Keeping People Behind Bars For Years Before Trial Amounts To Punishment, Turns Law On Its Head : Ex-CJI DY Chandrachud
Our national security laws have turned the basic principles of bail on their head, the former CJI said.
Former Chief Justice of India DY Chandrachud has said that undertrial custody should not become a form of punishment by keeping people in jail for years. If there is no likelihood of the trial ending within a reasonable period, then the fundamental rights to speedy trial and right to life should be given a priority, and the undertrial should be granted bail.
Former CJI was responding to the questions on free speech, national security and the Unlawful Activities (Prevention) Act at The Hindu's Lit for Life festival.
Voicing his concern over national security laws invoked by the States to keep undertrials in long periods of incarceration, former CJI raised three points: "First, even if the defence of national security is raised by the State, it has to be scrutinised carefully. Second, if there is no possibility of the trial ending within a reasonable time, then the fundamental right to a speedy trial and the fundamental right to life must have priority. Third, unless we completely revamp the criminal justice administration, we will have more and more cases of this sort where people languish in jail."
Former CJI was responding to the former editor-in-chief of The Hindu, N. Ravi's question regarding the recent order of the Supreme Court denying bail to Umar Khalid and Sharjeel Imam, even after they have spent five years as undertrials.
Ravi asked former CJI: "If you take the case of Umar Khalid and Sharjeel Imam, they have been in prison for over five years without bail and without the trial having started. What do you think that the stringent conditions for bail under the Unlawful Activities (Prevention) Act, 1967, are fair, just, and reasonable if it leads to such an outcome?"
At the outset, Former CJI added a caveat that he does not want to be seen as "too critical" or "passing judgment" on colleagues who were a part of the Court. But then he said that the issues raised are critical and therefore need to be addressed.
Former CJI said that the allegations attributed to Khalid and Imam are of terrorism but questioned whether speech can itself be an act of terror.
"What is attributed to these two people? The first statement which is attributed is that one of those two persons said that well we will throttle the Chicken's neck which is you know a part of the Northeast and second, he said that we will break the country into pieces. Now, the question we have to ask ourselves and I am not sure if I have answers. We are citizens, thinking citizens and I now speak not as a judge but as a citizen. Does speech, however radical, does speech, however strong, by itself become a form of terrorism? Or is there something that must be added to speech to make it an act of terror? That's the question I think that we have to ask," he remarked.
Former CJI raised his concern over the judgment of the Supreme Court, and said that the fact that the trial will not end within a foreseeable period is just one circumstance which has to be borne in mind in deciding whether or not to grant bail.

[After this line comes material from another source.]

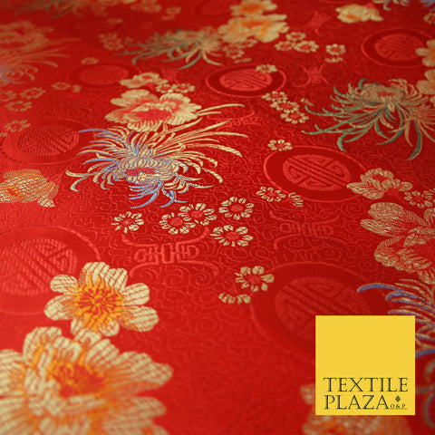 RED Oriental SHOU Floral Chinese Brocade Satin Embroidered Dress Fabric 3523
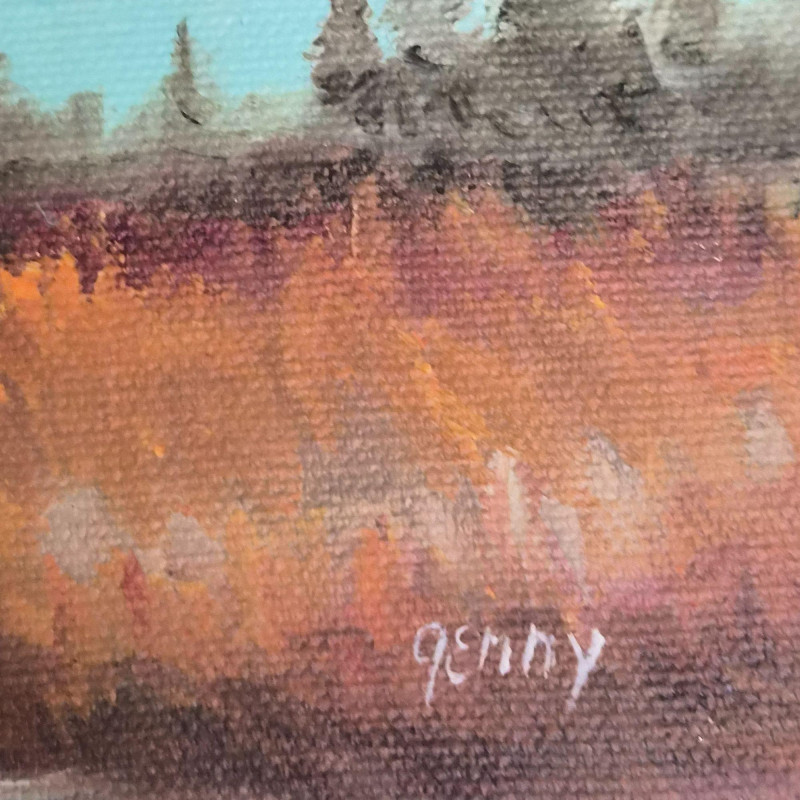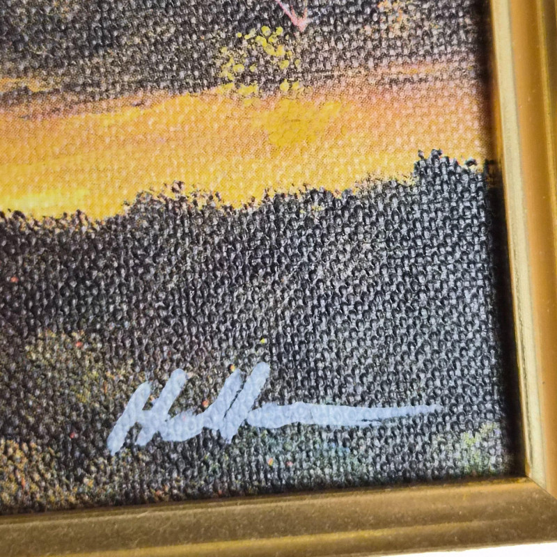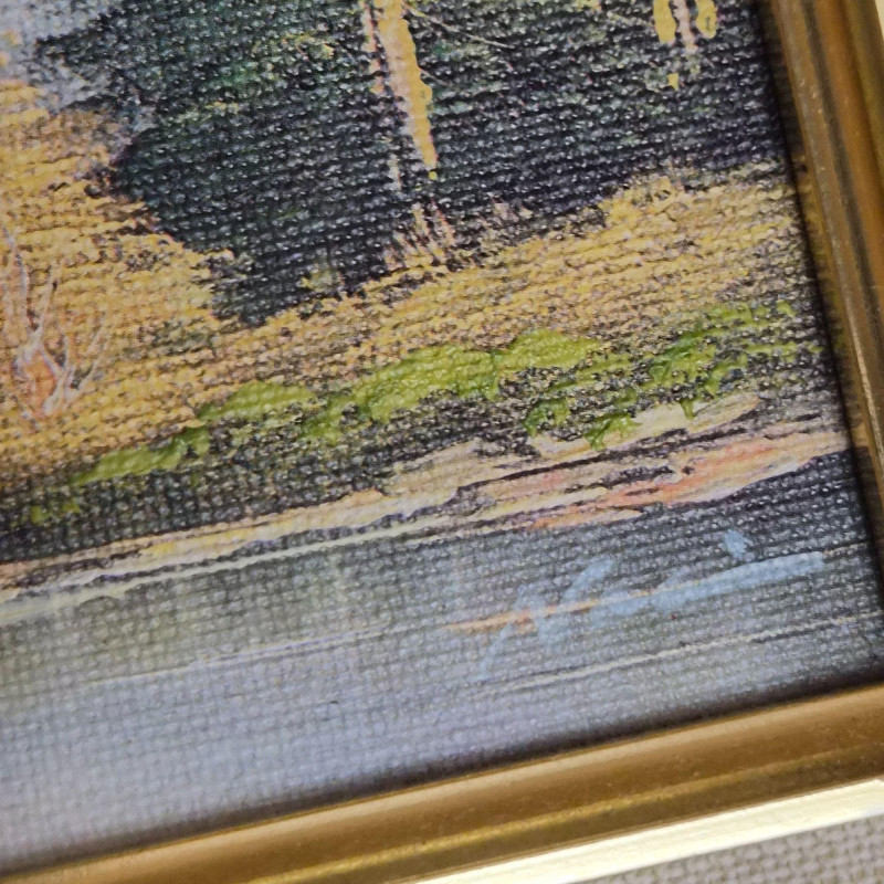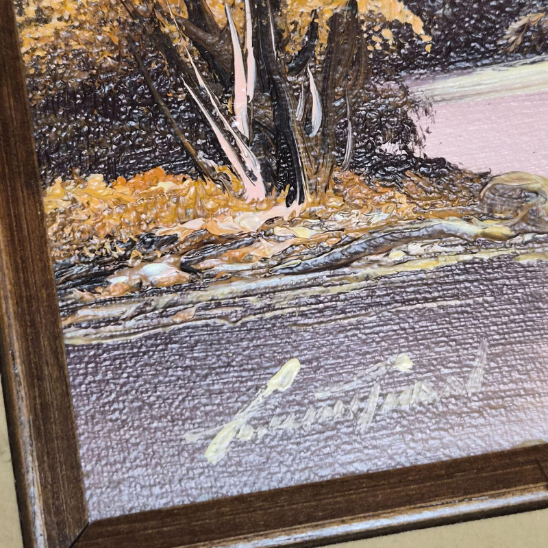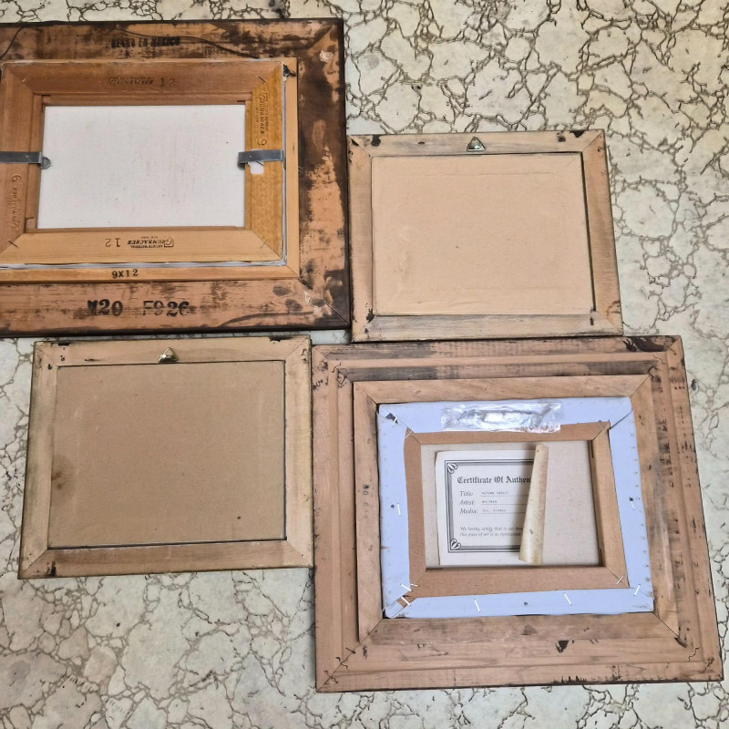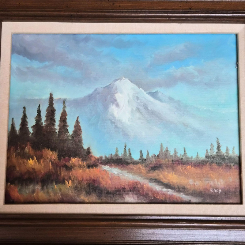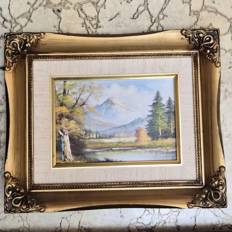 A set of four framed and signed oil paintings, each capturing a serene mountain landscape with expressive brushwork and atmospheric depth. The collection includes: Each painting is signed by the artist and housed in complementary frames, ranging from ornate gold to textured wood. The scenes evoke alpine paths, quiet lakes, and autumn forests—perfect for cabin walls, nature-inspired interiors, or collectors of regional landscape art.

That is where the right to a speedy trial comes.
He added: "One of the problems of the criminal justice administration in our country is the inability of the prosecution to conclude trials of years and years on an end. [It] really means that if you are not concluding a trial for seven years and you incarcerate an undertrial for seven years, there is some possibility that at the end of the seventh year, you did come to the conclusion that the person was entitled to an acquittal. What happens to the last seven years?"
On national security and presumption of innocence
Answering the question on whether national security as a ground could justify keeping an undertrial in custody for years, former CJI flagged that these laws allow the foundational principle of criminal law, that is, the principle of presumption of innocence, be reserved. Therefore, making the process a punishment.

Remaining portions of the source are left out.